[[ DATASET EXTRACT, beginning ]]

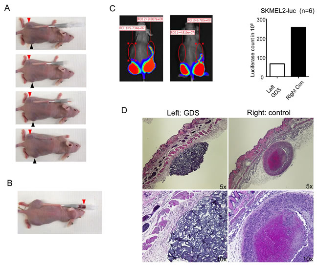 Figure 2: GDS prevented tumor seeding in biopsy of subcutaneous SKMEL2 tumor. A. A simulation of core needle biopsy was performed with a 16G needle with sheath into the subcutaneous SKMEL2 tumor on the left side of the mouse using a 16G needle with sheath and a GDS was implanted in the needle track. Similar procedure was done to tumor on the right side without GDS implantation (not shown). Red and black arrowheads: SKMEL2 tumors. B. An example of extensive bleeding (red arrowhead) during the core needle biopsy of SKMEL2 tumor. C. Ten days after the biopsy, tumor seeding was monitored by luciferase activity via Xenogen. Two mice were shown as example (right pictures). D. Transverse sections of subcutaneous GDS and seeding tumor resulted from needle biopsy. SKMEL2 human melanoma cells expressing luciferase were grown subcutaneously in athymic nude mice and biopsy was performed by inserting a 16G needle with sheath subcutaneously as shown in Figure 1B.
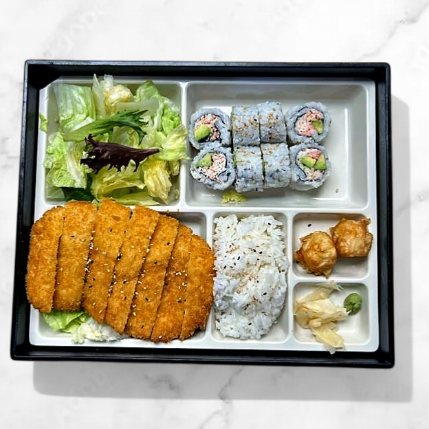 Tuesday - Saturday 11:00am-3:00pm. Served with green salad, rice, California roll and miso soup. Change to brown rice for extra charge(+1$).
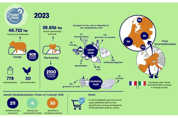 Het aantal telers van plantaardige producten met het keurmerk On the way to PlanetProof is in 2023 stabiel gebleven. Wel steeg het areaal van de keurmerkhouders met 3% naar 58.856 hectare. Bij de ontwikkelingen omtrent dit keurmerk, waaronder een daling van deelname in de sierteelt, stond SMK onlangs al speciaal stil.
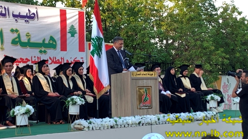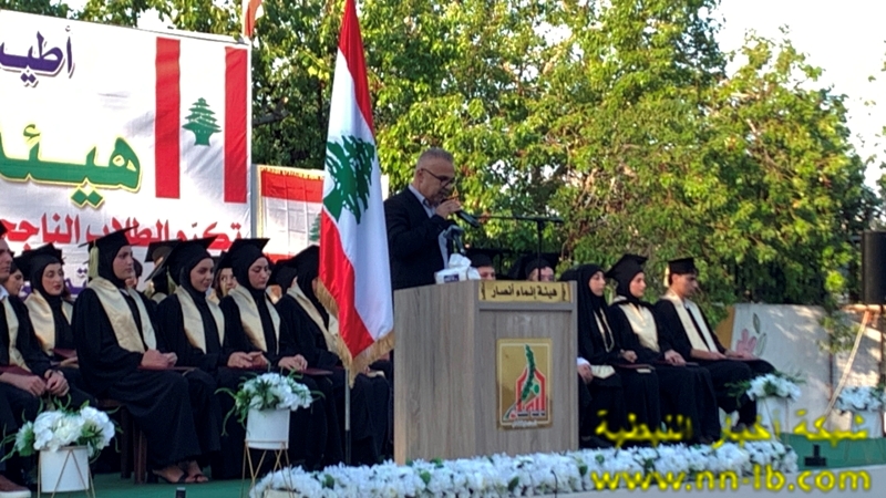 وقال: إننا نعيش اليوم لحظةً نستعيد فيها الثقة بالطاقات الوطنية، ونؤكد من جديد أن لبنان لا يُبنى إلا بعقول أبنائه، وبقدرات شبابه. وإننا إذ نحتفي بنجاحهم اليوم، نحملهم أيضًا أمانة المستقبل، ونشد على أيديهم أن يبقوا على هذا الدرب، درب التميز والعطاء. على المستوى الوطني نؤكد أننا لا نحتاج الى امتحان فيه لجميع أبنائه. لبنانيتنا لأننا كنا السباقين في الإيمان بلبنان الوطن النهائي ومع دولة الرئيس نبيه بري تُردّد أننا لسنا إلا دعاة وحدة وتعاون وأننا منفتحون على أي حوار وطني هادىء يفضي إلى صياغة استراتيجية للأمن الوطني تحمي لبنان وتحرر أرضه وتصون حدوده، من دون محاولات القفز فوق الدستور والميثاق وخطاب القسم والبيان الوزاري وكل القوانين والمواثيق الدولية .

[[ DATASET EXTRACT, end ]]

THE TASK. Starting with the top line, write out all the data above exactly; keep the pictures out.

OUTPUT FOR THIS TASK.
 Figure 2: GDS prevented tumor seeding in biopsy of subcutaneous SKMEL2 tumor. A. A simulation of core needle biopsy was performed with a 16G needle with sheath into the subcutaneous SKMEL2 tumor on the left side of the mouse using a 16G needle with sheath and a GDS was implanted in the needle track. Similar procedure was done to tumor on the right side without GDS implantation (not shown). Red and black arrowheads: SKMEL2 tumors. B. An example of extensive bleeding (red arrowhead) during the core needle biopsy of SKMEL2 tumor. C. Ten days after the biopsy, tumor seeding was monitored by luciferase activity via Xenogen. Two mice were shown as example (right pictures). D. Transverse sections of subcutaneous GDS and seeding tumor resulted from needle biopsy. SKMEL2 human melanoma cells expressing luciferase were grown subcutaneously in athymic nude mice and biopsy was performed by inserting a 16G needle with sheath subcutaneously as shown in Figure 1B.
 Tuesday - Saturday 11:00am-3:00pm. Served with green salad, rice, California roll and miso soup. Change to brown rice for extra charge(+1$).
 Het aantal telers van plantaardige producten met het keurmerk On the way to PlanetProof is in 2023 stabiel gebleven. Wel steeg het areaal van de keurmerkhouders met 3% naar 58.856 hectare. Bij de ontwikkelingen omtrent dit keurmerk, waaronder een daling van deelname in de sierteelt, stond SMK onlangs al speciaal stil.
 وقال: إننا نعيش اليوم لحظةً نستعيد فيها الثقة بالطاقات الوطنية، ونؤكد من جديد أن لبنان لا يُبنى إلا بعقول أبنائه، وبقدرات شبابه. وإننا إذ نحتفي بنجاحهم اليوم، نحملهم أيضًا أمانة المستقبل، ونشد على أيديهم أن يبقوا على هذا الدرب، درب التميز والعطاء. على المستوى الوطني نؤكد أننا لا نحتاج الى امتحان فيه لجميع أبنائه. لبنانيتنا لأننا كنا السباقين في الإيمان بلبنان الوطن النهائي ومع دولة الرئيس نبيه بري تُردّد أننا لسنا إلا دعاة وحدة وتعاون وأننا منفتحون على أي حوار وطني هادىء يفضي إلى صياغة استراتيجية للأمن الوطني تحمي لبنان وتحرر أرضه وتصون حدوده، من دون محاولات القفز فوق الدستور والميثاق وخطاب القسم والبيان الوزاري وكل القوانين والمواثيق الدولية .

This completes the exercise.